In Paris, the anniversary opened with the Classique Souscription 2025, a single-handed reinterpretation of an 18th-century subscription watch made in “Breguet gold,” a proprietary new alloy. Shanghai followed with the Tradition Seconde Rétrograde, inspired by a late-1700s tact watch, while New York received two Type XX chronographs referencing a Breguet-built aircraft that flew from Paris to New York in 1930. Each model was designed to be both a tribute and a signal that the brand intends to evolve.

The latest addition came in September with the Marine Hora Mundi 5555, a 50-piece world-timer that reimagines Breguet’s take on global travel.
This balancing act – honouring tradition while keeping pace with modern tastes- runs through every decision Kissling is making but is perhaps easier said than executed.
“The sweet spot is authenticity,” he says. “Purists want to see the mastery and innovation they associate with Breguet. Younger audiences are looking for meaning, craft, and stories they can connect with. If we stay true to who we are while opening the doors a little wider, both groups can find inspiration in Breguet.”
Boutique pop-ups, digital campaigns and anniversary exhibitions are part of that effort. At the same time, Breguet’s diverse range of collections each presents different opportunities and risks.
“I believe each of our collections has strong potential to grow, because they all tell a different chapter of Breguet’s story. The Marine speaks to modern elegance, the Type XX to our aviation heritage, the Classique and Tradition to our deep horological roots, and the Reine de Naples to our spirit of creativity. And we should not forget the Héritage collection, which is still there too,” Kissling says.
“The real challenge is not about which collection is harder to modernise, but about staying true to the DNA of each while keeping them relevant for today and tomorrow.”

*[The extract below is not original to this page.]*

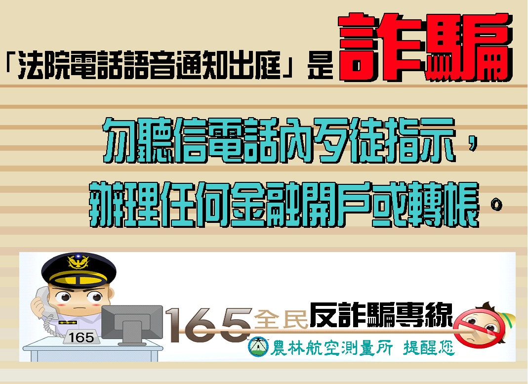 「法院電話語音通知出庭」是詐騙:勿聽信電話內歹徒指示,辦理任何金融開戶或轉帳。
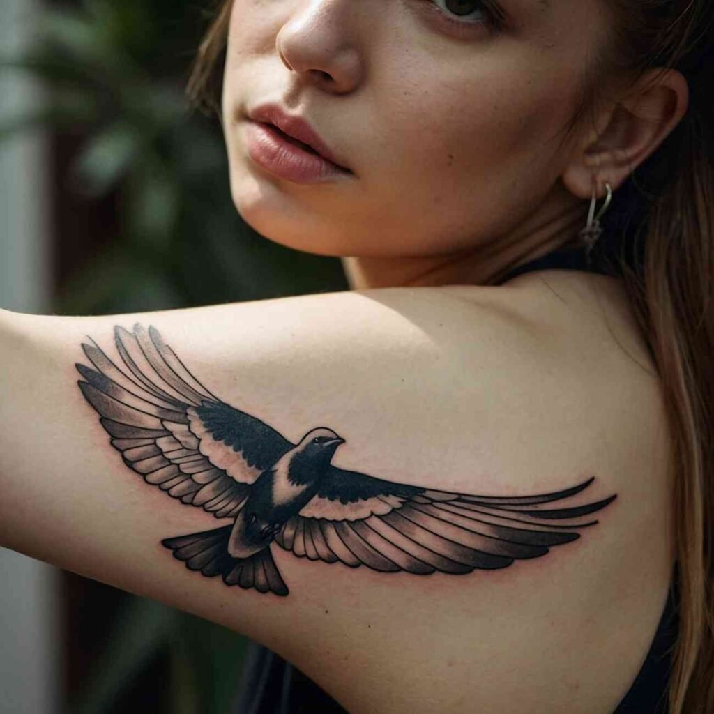 Birds are often associated with freedom, spirituality, and the desire to break free from constraints. Whether it’s a swallow, dove, or eagle, bird tattoos can be symbolic of journeys, both physical and emotional. For women, birds can also represent independence or the aspiration to reach new heights in life.

Breguet CEO Gregory Kissling
The wider economic environment has not made things easier. In April 2025, President Trump imposed a 39% tariff on Swiss goods. Initially, one-kilogram and 100-ounce gold bars were ruled subject to the levy by US Customs and Border Protection, sparking turmoil in the bullion market, before the White House suggested gold would be exempt. In the lead-up, Swiss watch exports to the US spiked 149% in April, then slumped 9.5% in May and 5.6% in June.

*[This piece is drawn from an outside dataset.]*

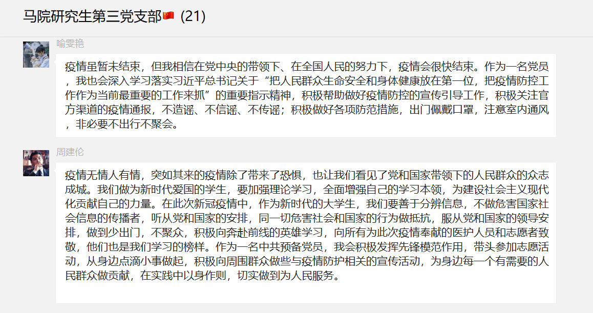首先,主持人用PPT形式向大家列举了党和国家在疫情防控方面所采取的重大举措,在全国上下和广大人民群众共同努力下,当前我国疫情防控态势向好,社会秩序稳定,经济持续发展。随后,大家共同观看了视频《回顾中国抗疫这一年》,视频充分展现了中国在这场疫情大考中的强大领导力、凝聚力以及负责任的大国形象。观看视频后,大家以文字的形式进行了心得交流和分享,党员们纷纷认为通过此次活动,对疫情有了更清醒的认识,也更加坚定了战胜疫情的信心和决心,并表示在今后的学习和工作中将更加勤奋努力,充分发挥党员先锋模范作用。

For brands like Breguet, which depend on US collectors, the policy swings have created deep uncertainty. “We are watching the situation closely,” Kissling said. “The US is important for us, but it is one of many strong markets. The approach of the group and our House is to stay flexible.”

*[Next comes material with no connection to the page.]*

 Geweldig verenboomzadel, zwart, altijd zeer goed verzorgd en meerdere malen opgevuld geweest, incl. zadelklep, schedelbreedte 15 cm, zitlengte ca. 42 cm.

The year will close with a symbolic return to Versailles, a place with close ties to Breguet’s early patrons. Kissling sees the anniversary as a beginning, not a conclusion. “I would like that people to remember that Breguet is not only the brand of Abraham-Louis Breguet – it is a living brand, still inventing, still inspiring, still relevant. This anniversary is not the closing of a chapter, but the opening of the next one.”